Preço da carta de condução pode variar entre os 375 e os 920 euros

A Deco Proteste analisou o custo da carta de condução em 200 escolas de Portugal e concluiu que a diferença entre o valor mínimo e o máximo foi de 545 euros, para quem passe à primeira nos exames e sem incluir atestado médico e material didático.

Executive Digest

O preço da carta de condução pode variar entre os 375 e os 920 euros, uma diferença de 545 euros, mas só para quem tirar a carta sem chumbar, releva um estudo da Deco Proteste.

A Deco Proteste analisou o custo da carta de condução em 200 escolas de Portugal e concluiu que a diferença entre o valor mínimo e o máximo foi de 545 euros, para quem passe à primeira nos exames e sem incluir atestado médico e material didático.

escolas conducao

Segundo o estudo, o preço da carta varia entre os 375 e 920 euros e é em Évora e Braga onde foram encontrados os valores mais elevados, enquanto a zona da Grande Lisboa e no Funchal apresentam os preços mais baixos.

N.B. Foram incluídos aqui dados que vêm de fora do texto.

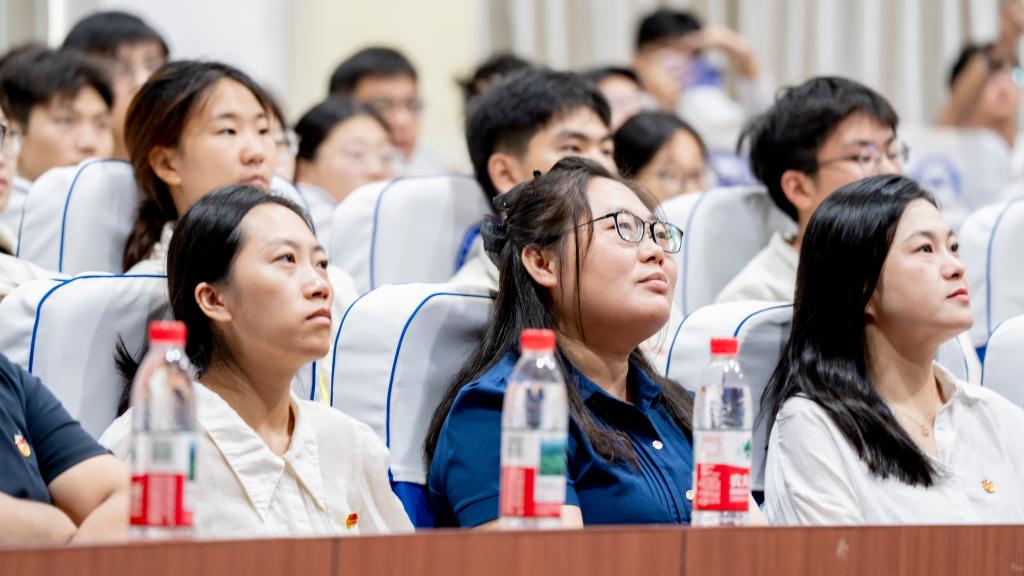上午大会直播伊始,现场气氛庄严肃穆。团员青年们身着整齐服装,坐姿端正,全神贯注地注视着屏幕。当礼炮轰鸣、国歌奏响,大家自发起身肃立,神情庄重地唱响国歌;在重要讲话环节,同学们认真聆听要点,深刻回顾80年前那段烽火连天、救亡图存的壮烈历史,深切感悟中国人民在抗日战争中展现出的“天下兴亡、匹夫有责”的爱国情怀,“视死如归、宁死不屈”的民族气节,“不畏强暴、血战到底”的英雄气概以及“百折不挠、坚韧不拔”的必胜信念。受阅部队阵列严整、步伐铿锵,国产现役主战装备依次亮相,战机翱翔长空划出和平航迹,震撼的画面让同学们的自豪感与使命感油然而生。

As conclusões do estudo, que vão ser publicadas na edição de novembro da revista “Proteste”, indicam que Lisboa e Matosinhos foram as localidades onde foi detetada maior disparidade de preços, chegando aos 300 euros.

O atestado médico obrigatório para tirar a carta de condução pode ser passado por qualquer médico, mas algumas escolas oferecem este serviço.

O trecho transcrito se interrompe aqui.